Former Vietnamese boat person shares his 'impossible dream' in new book
A book dedicated to those who cannot tell their stories
Thien Tang was born in the middle of the Vietnam War. It ended as he entered his teenage years, but his troubles were only just beginning.
In 1975 Tang's family had two things going against them in the newly independent Vietnam: they were wealthy, and they were ethnic Chinese.
His father was forced to turn over all his wealth to the Vietnamese government and he had to become a farmer. But vandals burned his crops at night, targeting the family for its ethnicity.
"We are facing starvation, facing prosecution from the government for being Chinese, and for being once a wealthy family, so my father thought we can no longer stay in this country," said Tang.
Out to sea
His family was far from alone. As many as 1.5 million people attempted to flee the country in the late 1970s in what became known as the Vietnamese Boat People crisis.
Tang's family put him on one of the many small boats trying to get people out of the country. These were inshore fishing boats, ill equipped for ocean travel, lacking navigation gear, and overcrowded. Many of the boats were lost at sea, others got lost and those on board died of thirst.
It's impossible to know how many died, but the United Nations High Commission for Refugees estimates 200,000 to 400,000.
Tang's boat was 51 feet long, with 254 people on board.
I leave home and leave all the things that I knew and loved.— Thien Tang
"We cannot move. We just stand one to another elbow to elbow for five days and five nights. We have no idea where we are and how long it takes to get to Malaysia," he said.
"It seemed like an eternity at the time."
But Tang, 17 and alone, was not focused on the danger. He was thinking about what he was leaving behind.
"I leave home and leave all the things that I knew and loved," he said.
"That pain was so overwhelming that's all I could think of. It never registered in my head that I likely faced the chance of dying just like everyone else who crossed the sea."
For five days and nights they sailed before sighting the shores of Malaysia. But the Malaysians had no interest in taking in the boat people, and the military fired on the vessel. Still, they managed to beach the boat.
Accepted by Canada
The occupants were placed in detention for two weeks, before they were put back on their boat. The navy hauled them out to sea and left them to die.
Rather than succumb to thirst, the refugees decided to scuttle the boat. Local fishermen rescued them and they were taken to a refugee camp. Six months later Tang became one of more than 100,000 Vietnamese boat people accepted as a refugee by Canada, a country he had never heard of before coming to the camp.

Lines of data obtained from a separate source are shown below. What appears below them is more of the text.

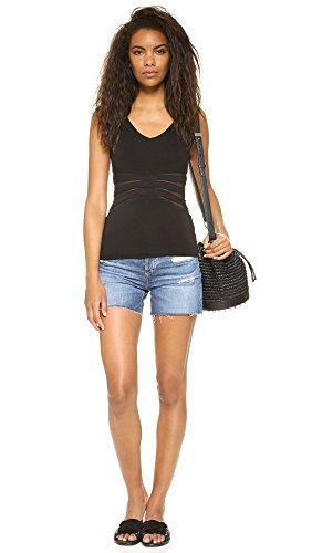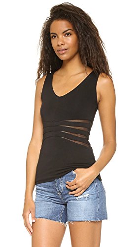 A fitted Bailey44 top with a soft V neckline and wraparound mesh cutouts. Raw hem. Lined.
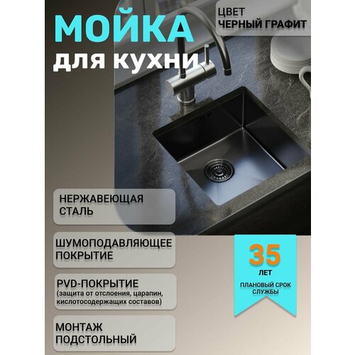 Мойка из нержавеющей стали, подстольный монтаж 45х45 (3, 0) выпуск 3 1/2 20см с сифоном (черный графит)
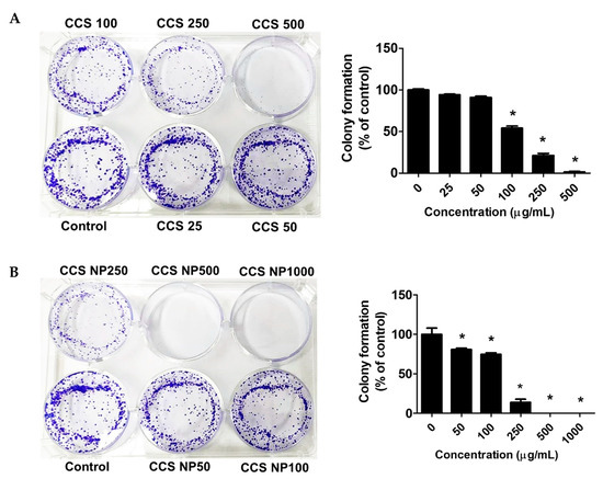 Effects of (A) C. chinense stem extract and (B) NPs on colony formation of the MCF-7 cancer cell lines. Data are presented as the mean ± SD of the three independent experiments. * indicates p < 0.05. Tukey’s multiple comparisons test for colony formation percentage statistical analysis are shown in Supplementary Table S4.
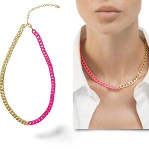 NWT 14K Gold Plate Two-Tone Neon Curb Chain Necklace
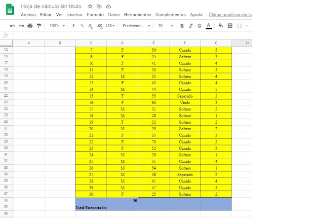 Estuvimos trabajando con excell y las hojas de cálculo de google y este fue mi resultado
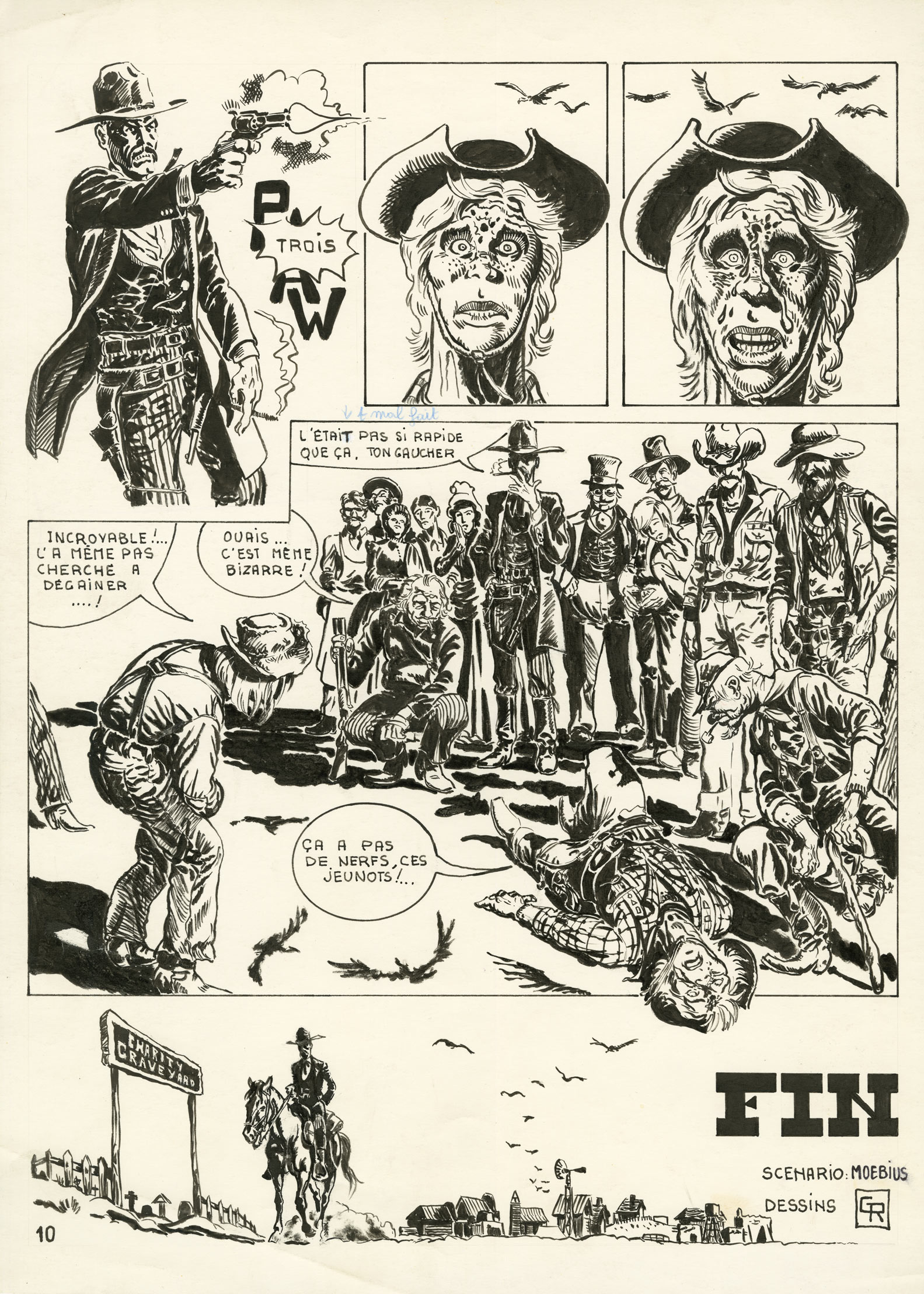 Pages 4 and 7 signed by Ramaïoli, and last page signed by Ramaïoli for the drawing and Moebius for the screenplay.
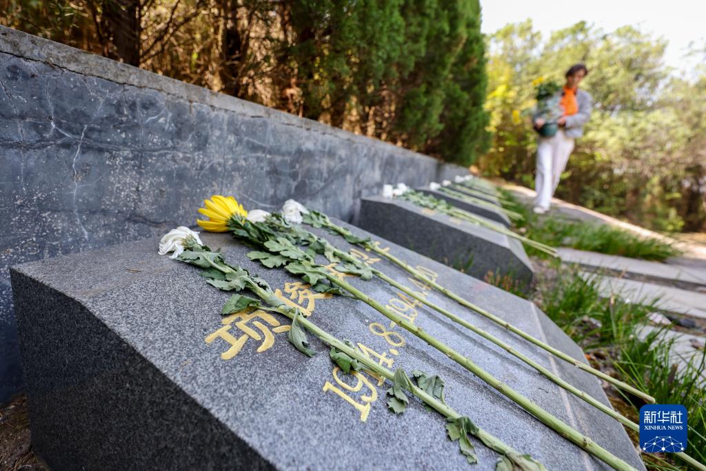 2025年4月2日,在浙江省金华市孝顺革命烈士陵园,雷烨的外甥女项碧英前往祭扫雷烨。在孝顺革命烈士陵园,当地政府用雷烨的原名项俊文竖立墓碑。“项俊文”这三个字,永远镌刻在了“孝顺镇革命烈士英名录”的石碑之上。新华社记者 刘金海 摄

"From what I know it's a freezer, but the Malaysian government was telling us that if we don't leave they would throw us all out to sea," he said.
'The amazing thing that happened'
That first winter was hard. The snow was magical, but for Tang the description of the country as a freezer was no exaggeration.
Still, Tang made a life for himself in Canada. He was able to bring his parents to join him, and is one of the few Vietnamese boat people still living on P.E.I. He's happily married with two children, his family is healthy.
"It would be an impossible dream at that time. Until I came to that beach I didn't realize how bad it was to be a refugee. The idea that nobody wants you struck me really hard," he said.
"The amazing thing that happened. It was just incredible. I don't even know how to say it. When we came here we were given all the basic necessities and more than we could ever wish for. The freedom we were looking for was already here."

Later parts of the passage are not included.